= Beginning of Section =

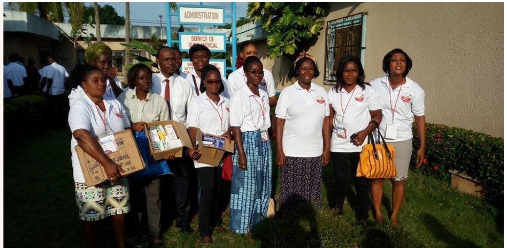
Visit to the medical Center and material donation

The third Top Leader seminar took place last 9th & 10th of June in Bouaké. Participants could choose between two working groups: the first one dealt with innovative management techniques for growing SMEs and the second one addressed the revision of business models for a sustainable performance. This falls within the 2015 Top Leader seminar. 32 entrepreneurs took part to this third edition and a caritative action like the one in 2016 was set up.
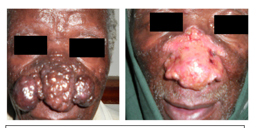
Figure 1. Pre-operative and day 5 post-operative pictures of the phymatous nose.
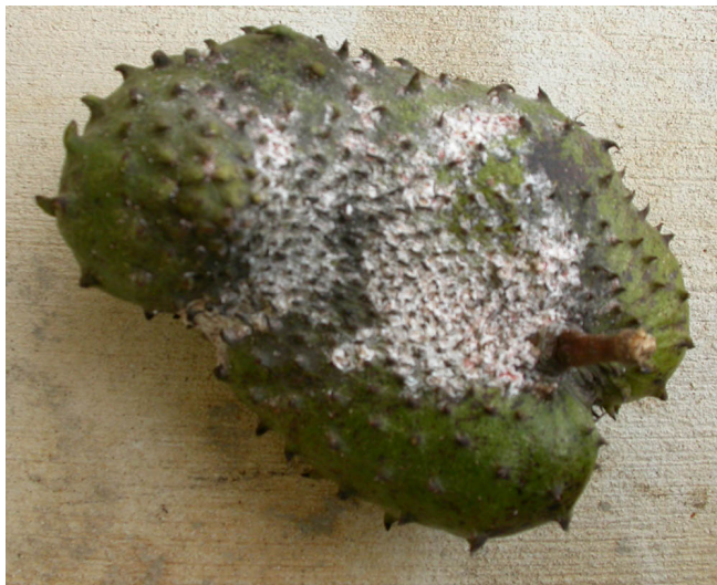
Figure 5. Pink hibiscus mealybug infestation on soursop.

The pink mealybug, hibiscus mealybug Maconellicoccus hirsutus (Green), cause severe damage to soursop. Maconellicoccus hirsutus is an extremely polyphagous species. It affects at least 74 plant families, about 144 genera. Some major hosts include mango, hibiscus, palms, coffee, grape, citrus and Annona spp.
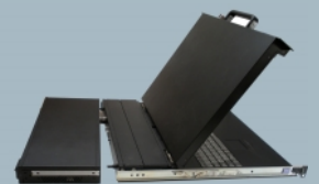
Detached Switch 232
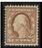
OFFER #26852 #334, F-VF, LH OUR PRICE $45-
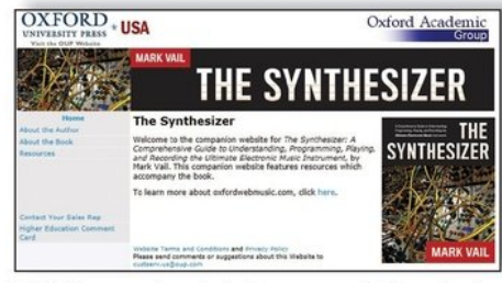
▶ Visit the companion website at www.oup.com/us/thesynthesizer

= End of Section =
= Beginning of Section =

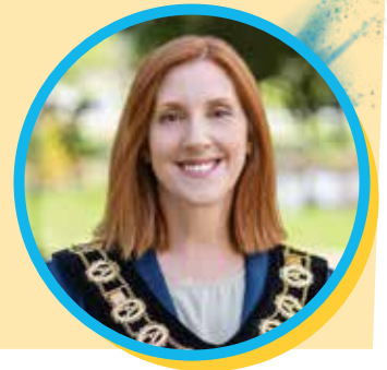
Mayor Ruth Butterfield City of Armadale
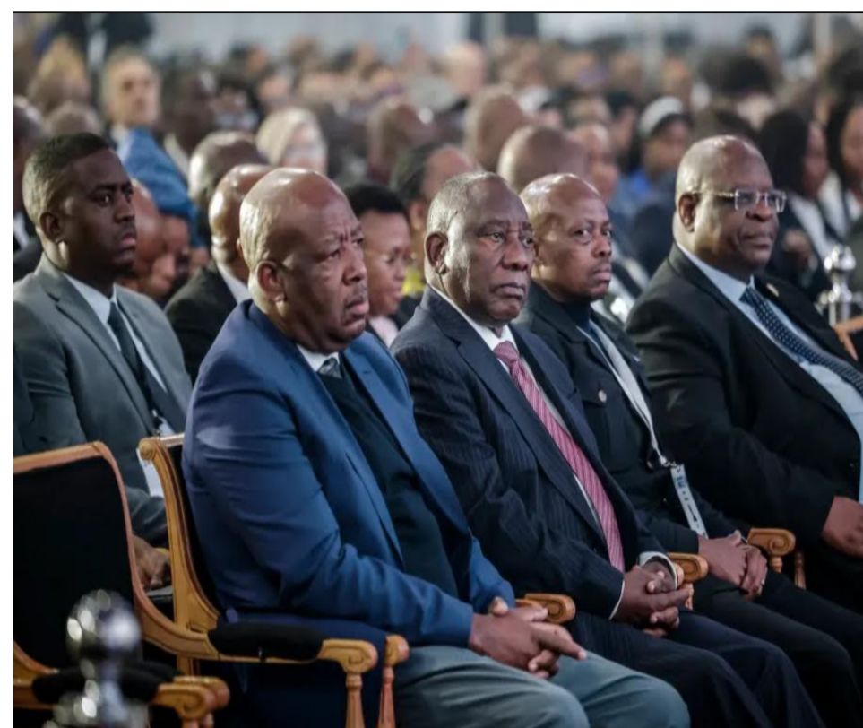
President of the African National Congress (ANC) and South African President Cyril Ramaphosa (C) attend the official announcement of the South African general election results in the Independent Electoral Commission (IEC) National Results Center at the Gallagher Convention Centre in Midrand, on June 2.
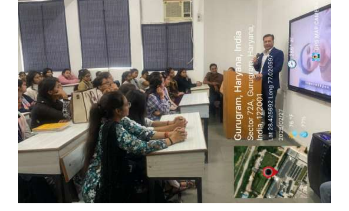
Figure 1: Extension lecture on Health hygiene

= End of Section =

### WHAT YOU NEED TO DO
In the data above, find each line where the string "Figure" appears, then copy it.

### TASK ANSWER
Figure 1. Pre-operative and day 5 post-operative pictures of the phymatous nose.
Figure 5. Pink hibiscus mealybug infestation on soursop.
Figure 1: Extension lecture on Health hygiene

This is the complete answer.